Objective: To compare the (sentinel) lymph node detection rate of ICG-fluorescent imaging versus standard-of-care 99mTc-nanocoilloid for sentinel lymph node (SLN)-mapping.
Summary background data: The current gold-standard for axillary staging in patients with breast cancer is sentinel lymph node biopsy (SLNB) using radio-guided surgery with radioisotope technetium (99mTc), sometimes combined with blue dye. A promising alternative is fluorescent imaging using indocyanine green (ICG).

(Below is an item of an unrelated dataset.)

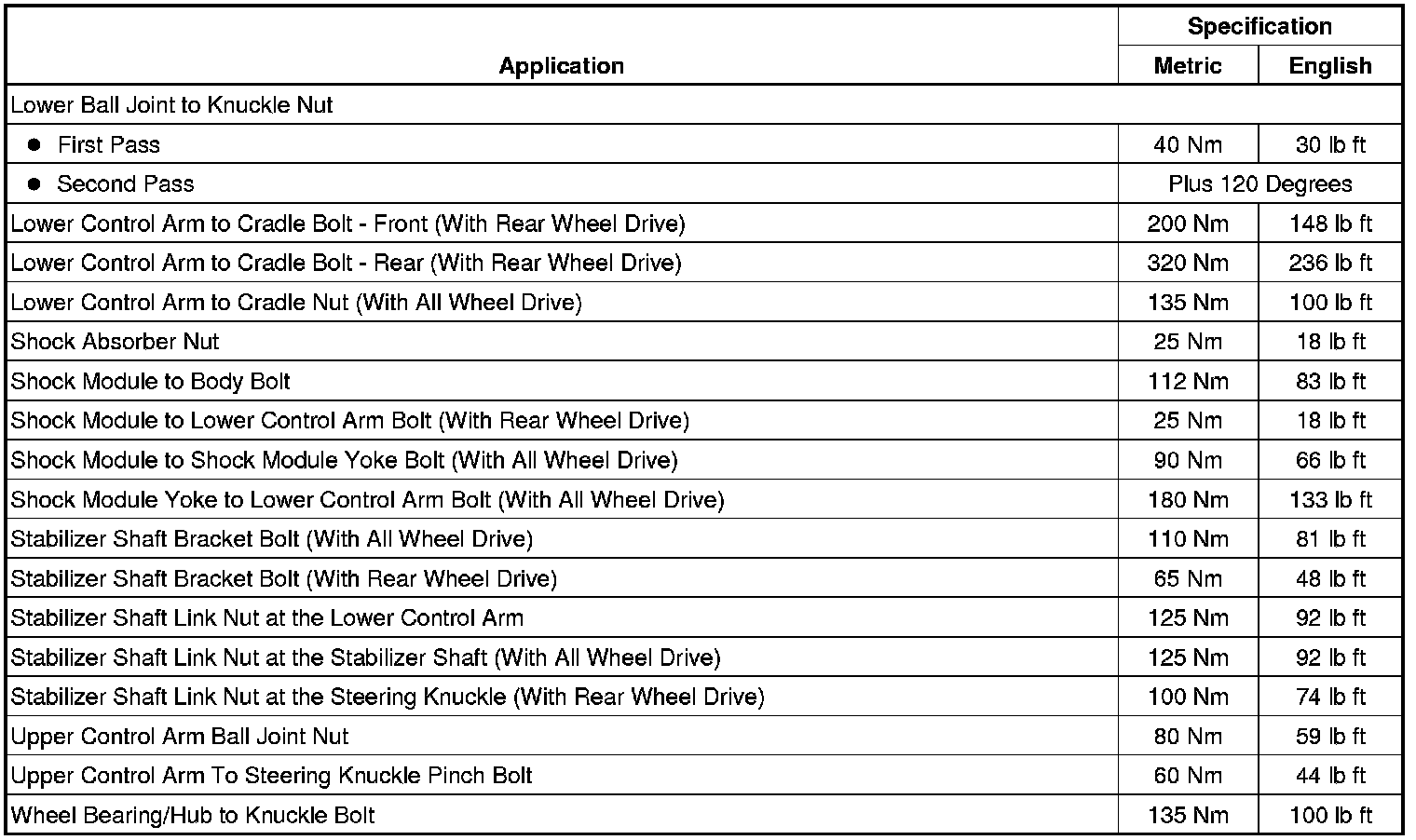 Fastener Tightening Specifications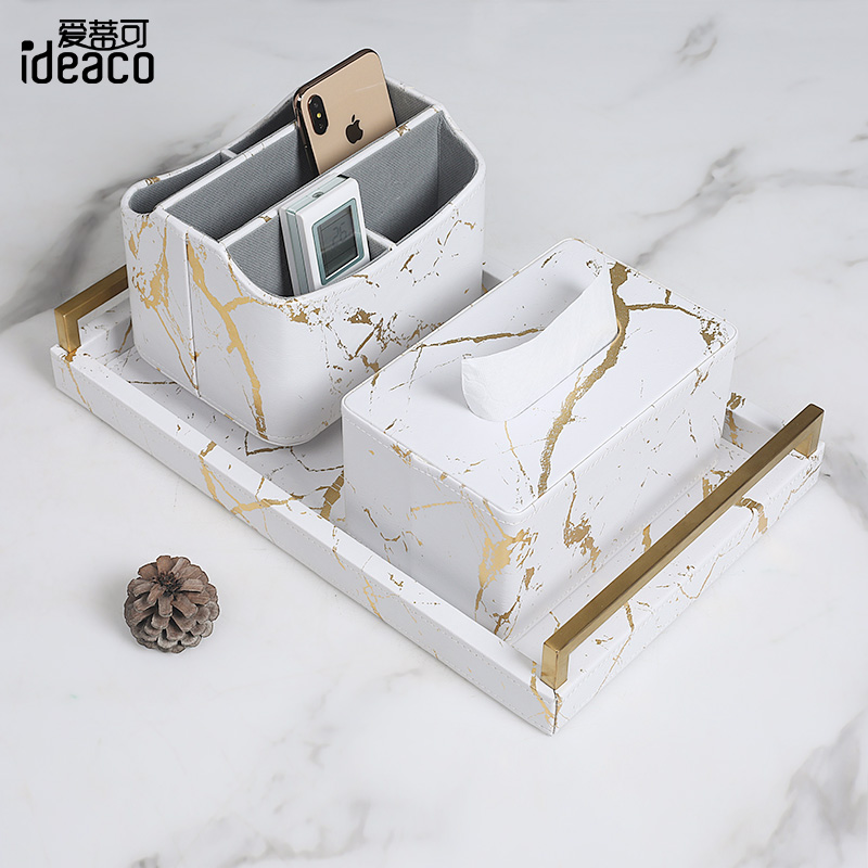 Nordic light luxury black gold marble leather home tray Creative living room model room Rectangular cup tray

Methods: In this non-inferiority trial, we enrolled 102 consecutive patients with invasive early-stage, clinically node-negative breast cancer. Patients were planned for breast conserving surgery and SLNB between August 2020 and June 2021. The day or morning before surgery, patients were injected with 99mTc-nanocolloid. In each patient, SLNB was first performed using ICG-fluorescent imaging, after which excised lymph nodes were tested with the gamma-probe for 99mTc-uptake ex-vivo, and the axilla was checked for residual 99mTc-activity. Detection rate was defined as the proportion of patients in whom at least one (S)LN was detected with either tracer.
Results: In total, 103 SLNBs were analysed. The detection rate of ICG-fluorescence was 96.1% (95%CI=90.4-98.9%) versus 86.4% (95%CI=78.3-92.4%) for 99mTc-nanocoilloid. The detection rate for pathological lymph nodes was 86.7% (95%CI=59.5-98.3%) for both ICG and 99mTc-nanocoilloid. A median of 2 lymph nodes were removed. ICG-fluorescent imaging did not increase detection time. No adverse events were observed.
Conclusion: ICG-fluorescence showed a higher (S)LN detection rate than 99mTc-nanocoilloid, and equal detection rate for pathological (S)LNs. ICG-fluorescence may be used as a safe and effective alternative to 99mTc-nanocoilloid for SLNB in patients with early-stage breast cancer.